Director of the Whitney Laboratory; Professor of Physiology and Functional Genomics, Neuroscience and Zoology

paa@whitney.ufl.edu

Structure and Function of Ion Channels NSF funded

Research in our lab is focused on factors that control the excitability of cells. Much of our work has focused on ion channels; proteins that control the movement of sodium, calcium and potassium through cell membranes, thereby producing nerve spikes and other electrical events. Our specific approach to this broad field has been to take advantage of the information that can be gleaned from a structural and functional comparison of equivalent channels in mammals and in lower invertebrates, such as jellyfish.

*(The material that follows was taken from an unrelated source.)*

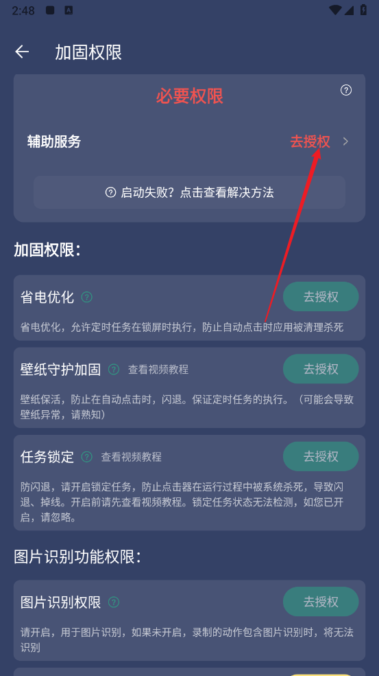 3、如图所示,点击"去授权",进入"无障碍"页面。
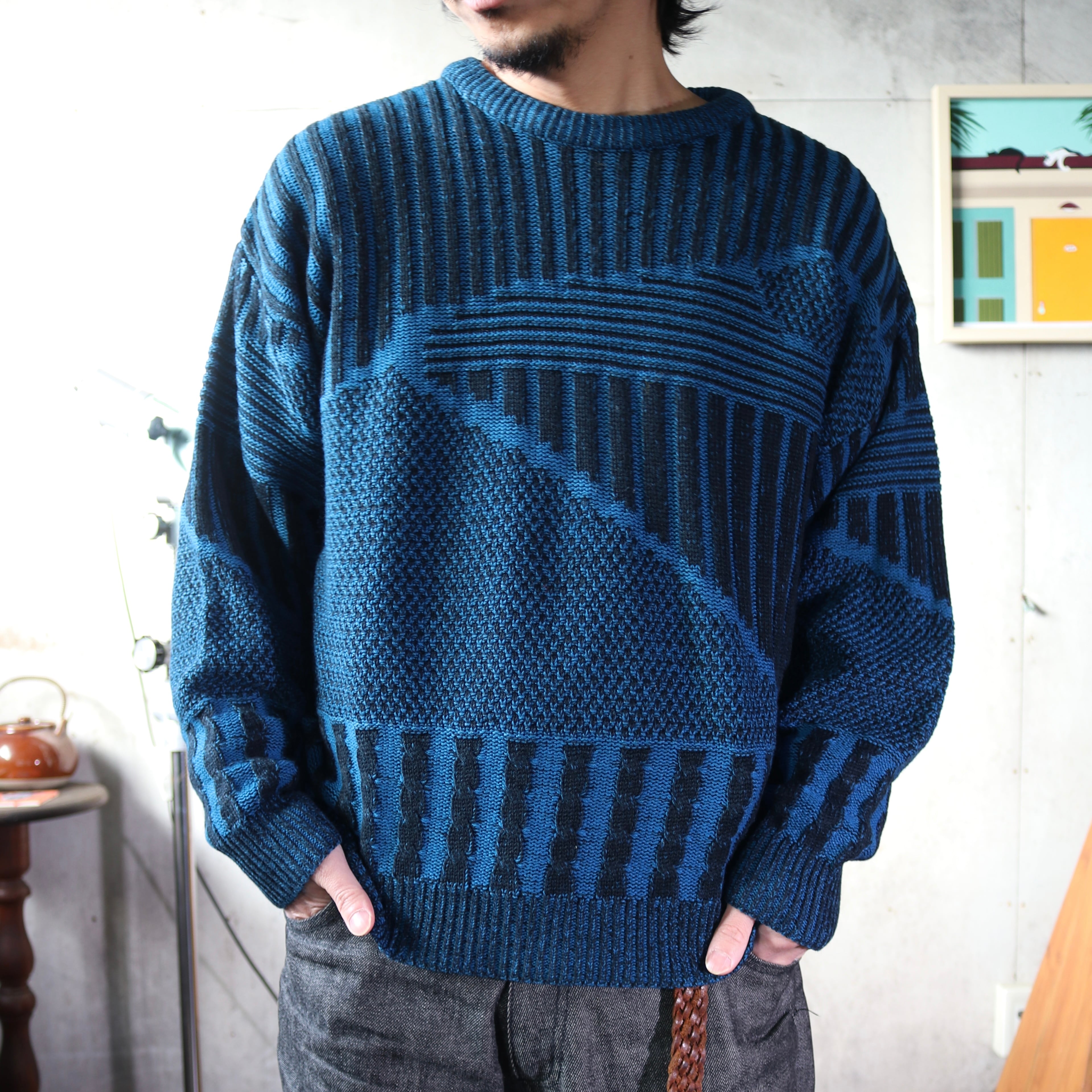 90's Design Knit Sweater / U.P.E.T.O BASIX (Unisex L)

Recently, this interest in cellular excitability directed us to study the factors responsible for regulating the excitability of one of the most complex and interesting of all animal cells: the sting cells of jellyfish and other members of the Phylum Cnidaria. A second project that builds on the theme of electrical excitability is to develop ways to tether ion channels onto transistor chips, with a view to using such devices as monitors of environmental toxins and other factors.

Current Projects

Cnidocytes or sting cells are exceedingly complex cells, perhaps the most complex cells of any animal. As such, they are likely to be energetically expensive for the animal to make, particularly since they can be used only once. Not surprisingly, the discharge or firing of these cells is tightly regulated so that they only discharge at the correct time. We are studying how these cells receive and process the chemosensory information that tells them the tentacle has made contact with potential prey. We do so by using a variety of electrophysiological, cell biological and molecular biological approaches.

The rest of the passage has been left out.